I love this movie so, so much.

The Comedy of Errors (1983)

It wasn't too bad, I guess. I didn't like it. But I've thought a lot these past couple weeks about Comedy of Errors and how I should think it should be staged. And Under an Hour is my primary decision.

But were I to put it on, I would prefer to turn it into a twenty-minute animated short. Sort of in this style. Adriana is a blubbering mess, always wailing and moping and making eyes at a framed image of her husband she carries around. The Ephesian Antipholus is hyperviolent while the Syracusian's violence is minimized.

I have other ideas. No one cares.

The Ballad of Buster Scruggs (2018)

I absolutely love this movie.

Which probably means it will go down as a lesser Coens film as my opinions don't usually coincide with the orthodoxy.

But I stand by my claim.

North Avenue Irregulars (1979)

This was one of my childhood-favorite slapstick live-action 1970s Disney comedies. I probably have not seen it since the previous century and I've been a tad nervous to see how it holds up. After all, some others have not (Gus, The Apple Dumpling Gang Rides Again...).

The good news is, it's still a fun watch. That helps when you have a cast like Barbara Harris, Cloris Leachman, and Edward Herrmann. They make the places where the writing is lazy slide by fairly easily.

That said, the writing is hella lazy. Lady Steed and I spent a chunk of our six-hour drive two days later discussing how the film could be updated. The concept has potential and this is the sort of film Disney should be revisiting instead of @#$%$#ing Lion King....

Spider-Man (2002)

I probably haven't seen this since the first time, in my father-in-law's mancave.

It holds up pretty well. It's an easy argument to make, that the superhero renaissance began with this film. And I sort of remember it being a soft open to #2's excellence, but watching them back-to-back, it's hard to argue that one is better than the other.

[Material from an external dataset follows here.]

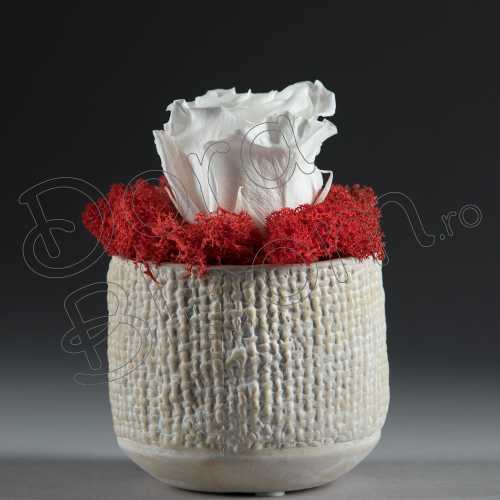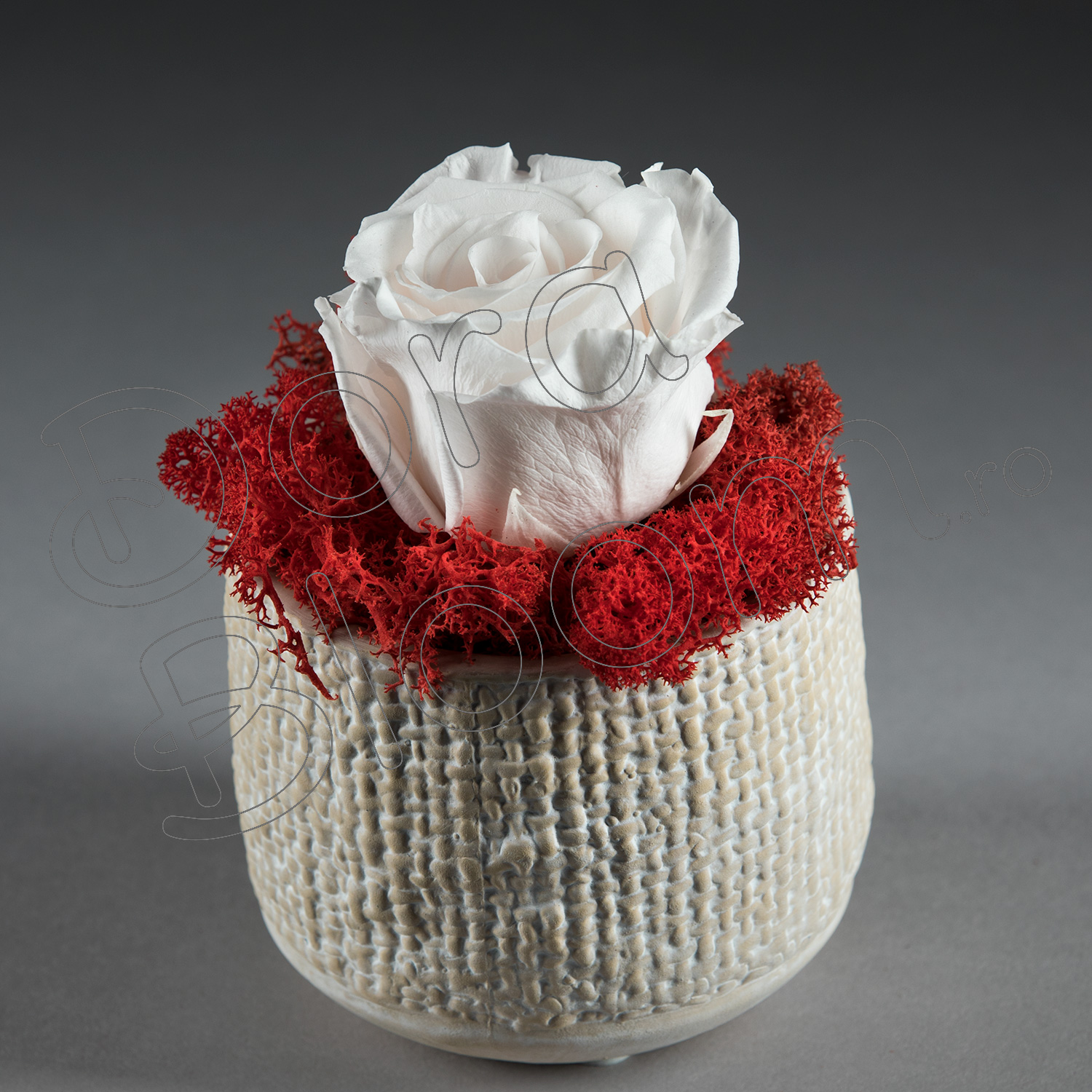 Pentru orice eveniment sau ocazie, alege un aranjament floral cu trandafiri criogenati si accesorii conservate specifice acestei categorii de plante, marca Dora Bloom. La cerere, aranjamentul se poate crea cu trandafiri criogenati de alte culori, cu alte accesorii, cat si in alt vas. Sau alege chiar un aranjament floral cu trandafiri criogenati intr-o cutie de bijuterii!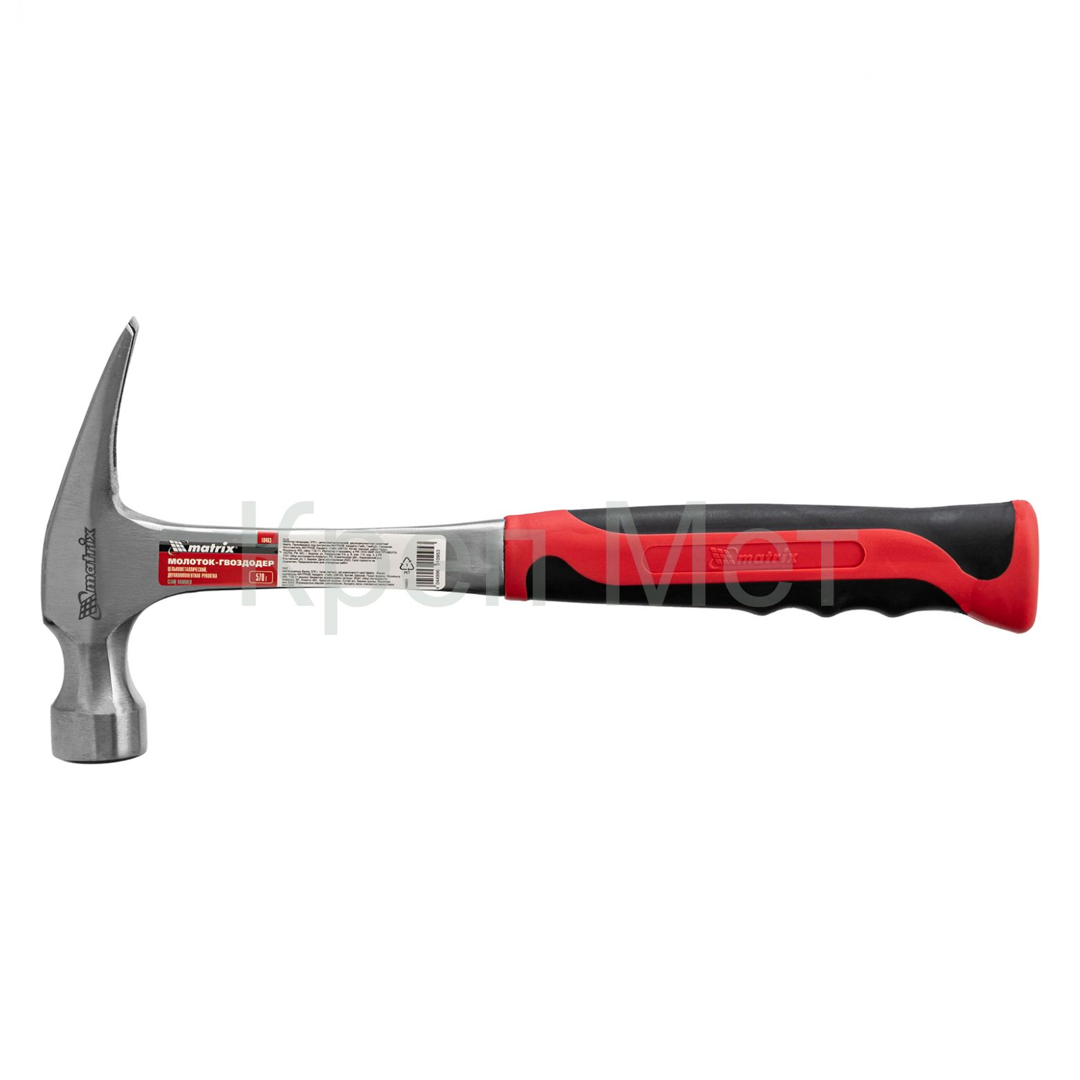 - Молоток-гвоздодер, 570 г, цельнометаллический, двухкомпонентная рукоятка Matrix

Let's skip ahead to that one, shall we?

Spider-Man 2 (2004)

The effects in this film hold up better than those in #1, but for films well on their way to twenty-years-old, they hold up fine. It's also nice to watch them together because the real story here is that of Peter and MJ and it takes two films for them to have a satisfying arc.

This film too I have not seen but the once, this time in-theater, just before we moved back to California. It blew me away and, in my mind, has always been one of the greatest superhero films. On rewatching I still consider it quite a good superhero film, but there's so much more competition now, it's a harder claim to justify. Largely because what a superhero film can be has grown so much. It's happy, in other words, that I'm not sure I still find my old opinion justifiable.

One thing about watching these films? How young everyone looks. Time, it seems, has indeed passed.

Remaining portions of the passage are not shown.